Plan Ahead for Traffic Increases

We dramatically underestimated the amount of traffic that the airdrop would create. This was a planning failure, and could have been avoided had we incorporated the following:

  • Perform load tests regularly. Load tests let us find performance bugs that only happen when the system is under stress. They also give us a baseline upon which we can calculate our future capacity needs. Had we performed a load test prior to launch we could have caught the Redis issues we saw in our edge proxy, the multiple-RPCs-per-request problem in the claims backend, and had a much more rigorous idea of how much traffic we could handle.
  • Over-provision - it’s cheaper than going down. We didn’t provision any more infrastructure to support launch because we thought we were already over provisioned by 4x. This was the wrong call. It’s much cheaper to over-provision then scale down than it is to under-provision and have to scale up under load.
  • Give partners a ton of warning.

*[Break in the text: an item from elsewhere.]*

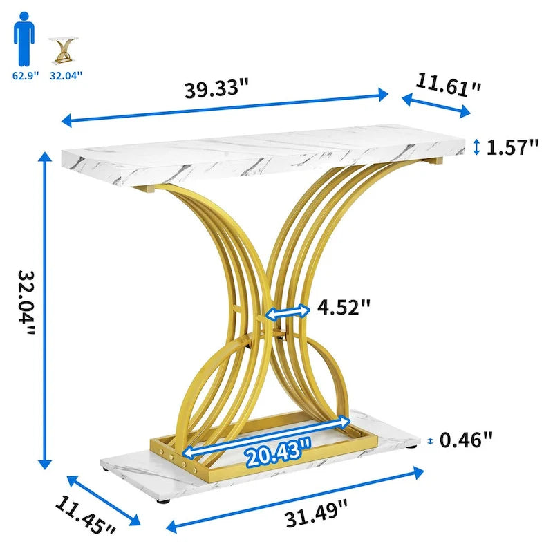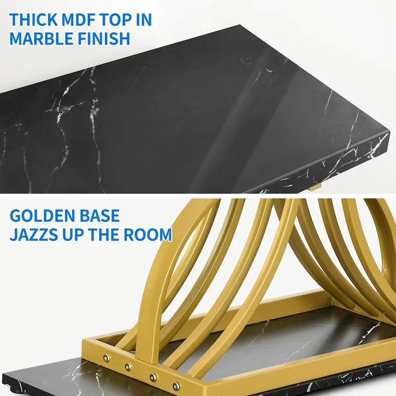 Elevate your space with our slim luxury sofa table, featuring a 1.57 thick MDF faux marble tabletop that is anti-scratch, water-resistant, and easy to clean. The dazzling gold frame with a symmetrical C shape adds a touch of distinction to your decor. This versatile table is perfect for small spaces, serving as a console, entryway, or front door table. Its sturdy construction ensures lasting strength, while foot pads protect your floor from scratches.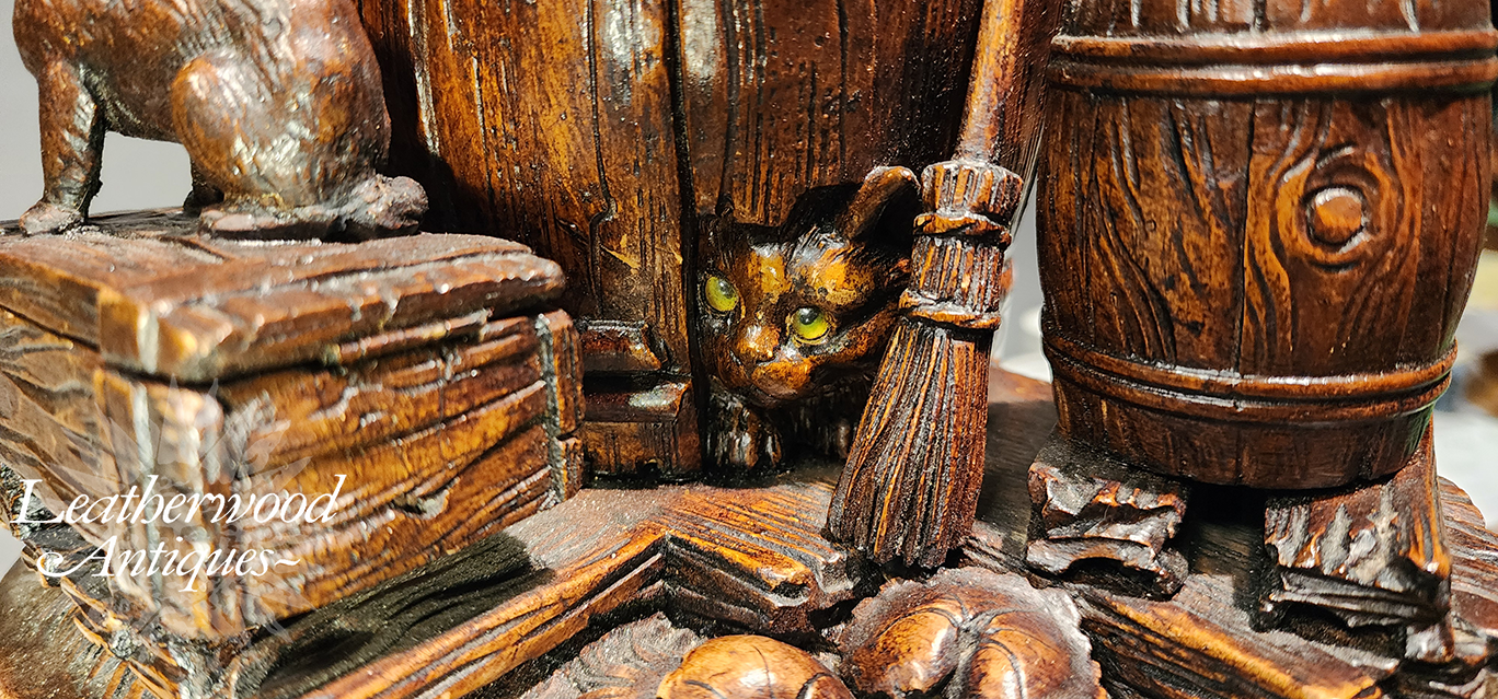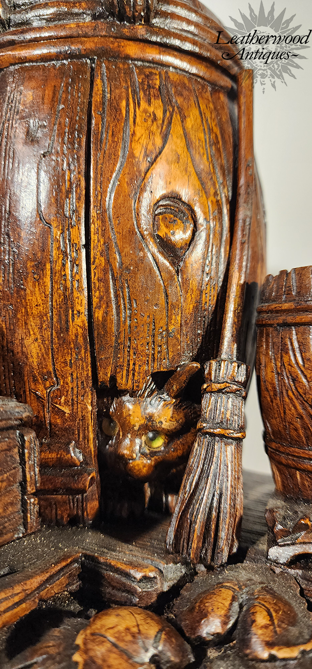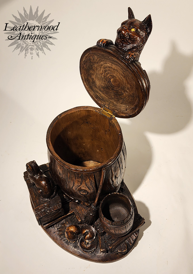 Black Forest Tobacco Box in the shape of barrel with a cat coming out of a hole within the barrel’s base. The barrel opens from the top with a hinge. Swiss c. 1880.

We should make sure that our infrastructure providers and partners have at least 48 hours notice to provision additional infrastructure. We didn’t ask partners to provision new capacity before the launch itself. It takes 26 hours to spin up a new node, which creates a hard cap on new capacity beyond a certain point. No provider could increase capacity by 10x such no warning.
  • Prioritize concurrent batch submission. We will continue to fall behind on batch submission during periods of high throughput until we implement the concurrent batch submitter. We should do this sooner rather than later, since this problem does not go away with Bedrock.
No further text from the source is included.